U.S. stock futures started March negative, falling Tuesday as investors continue to monitor the fighting between Russia and Ukraine.
Dow futures dropped 157 points or 0.46%. S&P 500 futures were off 0.78% and Nasdaq 100 futures slipped 0.25%.
Some of the early stock losses were offset by strong Target earnings, as the Big Box retailer posted profit of $3.19 a share that was well ahead of Wall Street estimates. Shares jumped nearly 10% in premarket trading.
The decline in index futures came as satellite cameras captured a convoy of Russian military vehicles apparently on its way to Kyiv, the Ukrainian capital.
Financial stocks were some of the biggest early losers in Tuesday premarket trading, with Bank of America down 2%, Citigroup off 1.8% and Charles Schwab lower by 1.5%.
Treasury yields were mostly lower, with the benchmark 10-year note most recently at 1.7%, its lowest since Jan. 24. Yields move opposite prices, so the decline represents a rush into safe-haven bonds amid the stock market turmoil.
As futures fell, energy prices rose, with West Texas Intermediate oil up 3.3% to $98.87 a barrel and Brent crude climbing 3.8% to $101.68. Natural gas was up 2.2% as well.
Ukrainian and Russian officials wrapped up a critical round of talks Monday.
In a volatile session Monday, the Dow Jones Industrial Average lost nearly 170 points. The S&P 500 dropped 0.24% and the Nasdaq Composite rose 0.4%.

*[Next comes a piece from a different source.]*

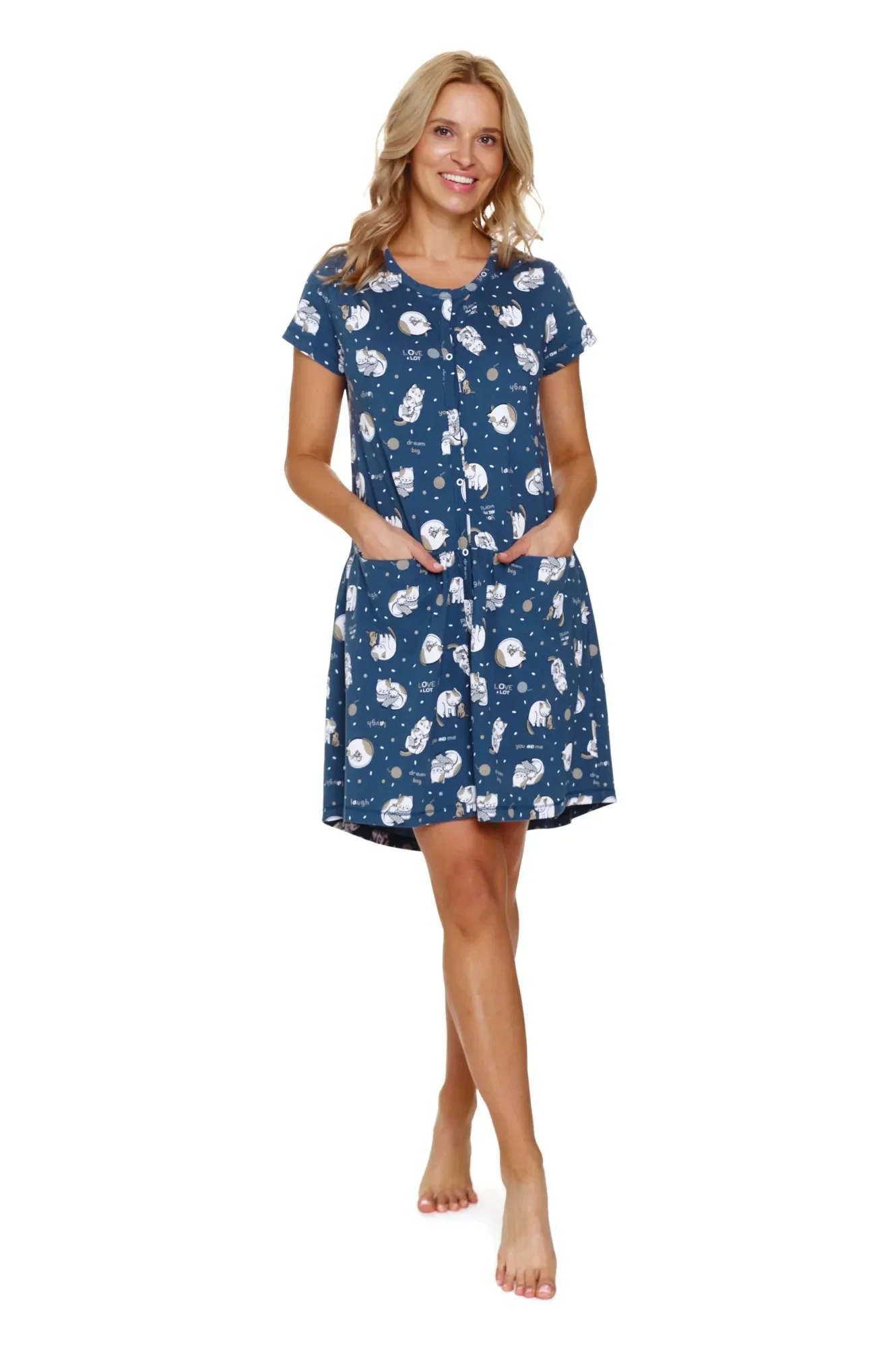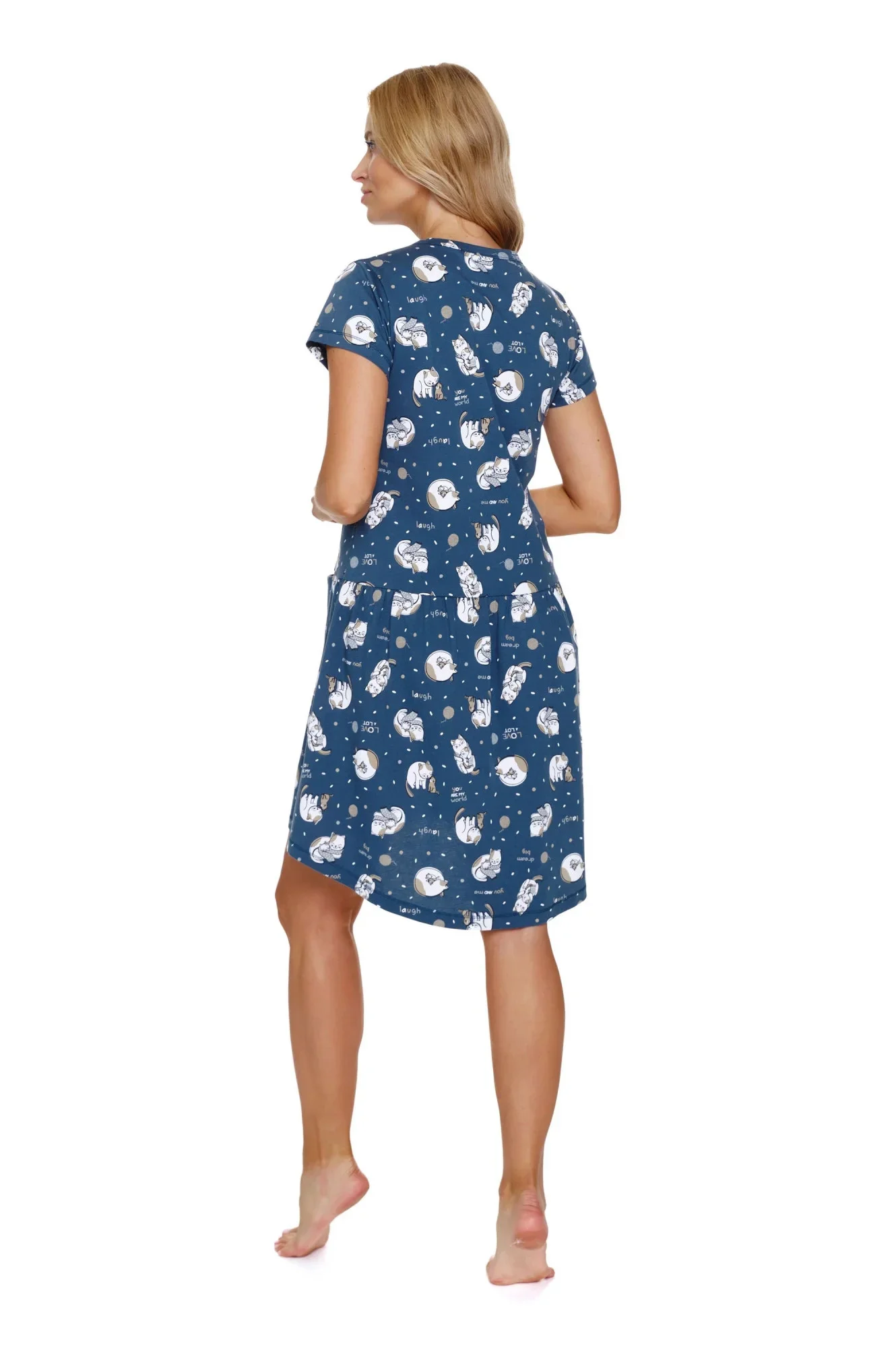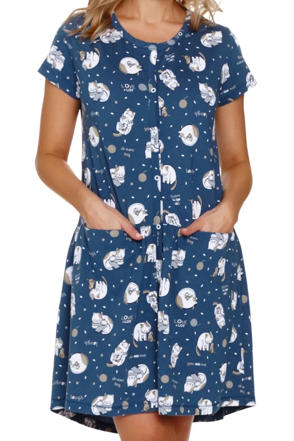 Dámská těhotenská košile 9444 Doctornap - světle modrá barva - z vysoce jakostní bavlny - s potiskem - zapínání na knoflíky po celé délce - krátké rukávy - praktické kapsy na bocích - spodní část zakončená volánem - ideální pro těhotné a kojící ženy - hypoalergenní, ekologická a bez škodlivých látek - certifikát OEKO-TEX Standard 100

Meanwhile, the central bank of Russia more than doubled its key interest rate on Monday, as the ruble plummeted after heavy sanctions were imposed on Moscow by the West.
JPMorgan’s Marko Kolanovic said Monday the worst of the Russia-Ukraine sell-off might be over.
“The Russia/Ukraine crisis will continue to produce market volatility, but the direct impact on corporate earnings should be small. Indirect risks are more substantial, given effects of higher commodity prices on inflation, growth, and consumers,” Kolanovic said in a Monday afternoon note. “However, one silver lining is that the crisis forced a dovish reassessment of the Fed by the market.”
Investors are also gearing up to hear from Federal Reserve Chair Jerome Powell in his semiannual hearing at House Committee on Financial Services, which begins on Wednesday.
Monday also marked the final trading day of February. The Dow lost 3.5% for the month. The S&P 500 and Nasdaq fell 3.1% and 3.4%, respectively.
Looking to Tuesday, big box retailer Target reports earnings before the bell and cloud giant Salesforce reports after the close.
On the economic front, February’s Markit Manufacturing PMI will be released at 9:45 a.m. on Tuesday. ISM manufacturing PMI for February will be out at 10 a.m.